To mark the centennial of the Canadian Urban Transit Association in 2004, CUTA prepared a publication to document the many activities, achievements and challenges facing public transit systems since that 1904 winter day in Montreal when the association was born. A Century of Moving Canada is the name of this publication.

Membership has grown to over 500 members, including 120 transit systems, 280 manufacturers, suppliers and other businesses, as well as numerous affiliates and government agencies.

==Activities==
CUTA's main office is located in Toronto, with a public affairs office in Ottawa. CUTA's ongoing activities and services are divided into six program areas, designed to serve the key requirements of the association's transit system, business, government and affiliate members. Where appropriate, these areas are linked to CUTA's National Committees, which are intended to serve in an ongoing advisory capacity:

- Government Relations and Public Affairs
- Communications
- Technical Services
- Education and Training
- Administrative and Financial Support
- Association Governance

CUTA has five regional and five national committees. The Regional Committees comprise Atlantic, Quebec, Ontario, Prairies and Territories, and British Columbia provinces. They meet periodically for information sharing on issues of mutual interest. The national committees are Business Members, Communication and Public Affairs, Human Resources, Technical Services and Transit Board Members. These committees are being aligned with Transit Vision 2040 in order to proactively address the six themes contained in the Report.

The purpose of the Business Members Committee is to represent the interests of all Business Members relating to the policies and direction of the Association.

The Communications and Public Affairs Committee communicates messages to all stakeholders about the important role of transit in a sustainable transportation system. This committee also oversees CUTA advocacy and government relations activities and has a sub-committee responsible for conference planning.
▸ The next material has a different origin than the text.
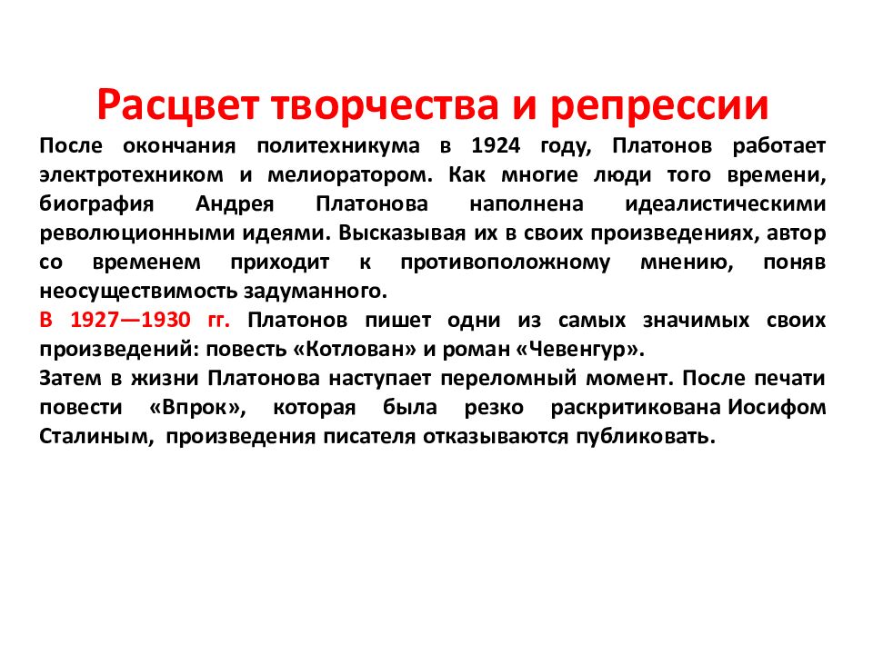 Расцвет творчества и репрессии После окончания политехникума в 1924 году, Платонов работает электротехником и мелиоратором. Как многие люди того времени, биография Андрея Платонова наполнена идеалистическими революционными идеями. Высказывая их в своих произведениях, автор со временем приходит к противоположному мнению, поняв неосуществимость задуманного. В 1927—1930 гг. Платонов пишет одни из самых значимых своих произведений: повесть « Котлован» и роман « Чевенгур ». Затем в жизни Платонова наступает переломный момент. После печати повести «Впрок», которая была резко раскритикована Иосифом Сталиным, произведения писателя отказываются публиковать.

The Human Resources Committee provides a forum to assist CUTA members in promoting Human Resource best practices within their systems through research, training and information exchange. A sub-committee manages the CUTA National Recognition Awards Program.

The purpose of the Technical Services Committee is to promote the effectiveness of public transit and to encourage best practices in the industry by way of research and development and through the exchange of information in the areas of operations, planning, bus design and maintenance. There are sub-committees representing vehicle technology, standards and maintenance; planning and ITS; statistics; and accessible transit.
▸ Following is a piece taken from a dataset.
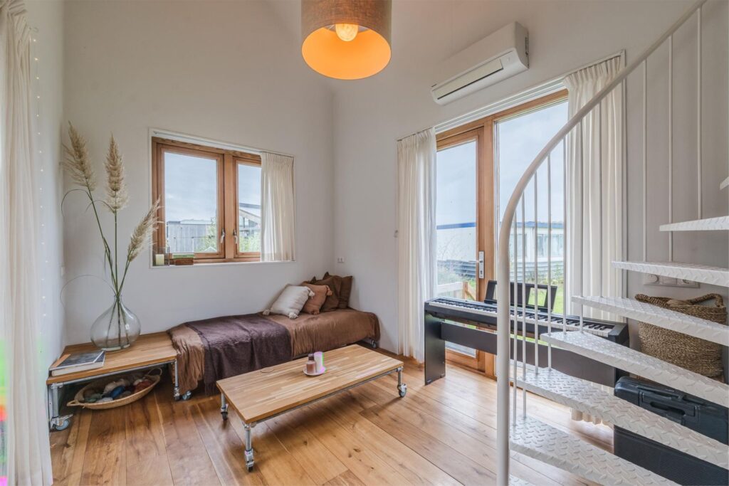 De wooneenheden zijn in 2022 biobased gebouwd in houtskeletbouw. De huisdelen staan stevig op 80 cm boven de grond uit stekende stalen palen gevuld met beton. Dak en dakgoten zijn van staal en de isolatie is van houtwol. Heel prettig is de natuurlijk vergrijzende onderhoudsvrije gevelbekleding van thermisch gemodificeerd Europees naaldhout. Ramen en kozijnen zijn ook gemaakt van onderhoudsvrij thermisch gemodificeerd Europees naaldhout en geven een mooi zicht op de tuinen rondom. De ventilatieroosters en het A+++ glas zorgen voor een prettig binnenklimaat. Het hoge plafond in de kamer geeft een ruimtelijk gevoel. De moderne badkamer is voorzien van toilet, vaste wastafel en inloopdouche. De ruime vliering ( 9 m2) met dakraam is te bereiken met een stalen wenteltrap en te gebruiken als werkruimte, slaapkamer of opslagruimte.

The purpose of the Transit Board Members Committee is to provide a forum for exchange and promoting public transit among municipal decision-makers, identify current and emerging municipal issues of concern to the industry and provide assistance in resolving them, as well as to raise awareness and promote the use of CUTA activities and transit best practices throughout the municipal sector.

==Transit Vision 2040==
In 2009, CUTA embarked on an initiative that involves the development of an industry vision, framing a comprehensive definition of the role of public transit in Canada for a 30-year time horizon. Transit Vision 2040 communicates transit's contribution to quality of life, the nature of change likely to take place in Canadian communities by 2040, the implications these changes will have on transit, and strategic directions for actions that can maximize transit's contribution to overall quality of life.

Transit Vision 2040 is about putting transit at the center of communities, expansion and innovation, focusing on customers, accelerating the delivery of integrated transit services, improving the ecological footprint of transit services, ensuring financial health, and strengthening knowledge and practice so that Canada's transit industry can more effectively respond to future opportunities and challenges.

This Vision takes a long-term view, but it is intended to guide concrete short-term actions by CUTA, its members and other stakeholders. The Vision has particular relevance for transit agencies and can serve as a framework for strategic planning efforts by individual systems.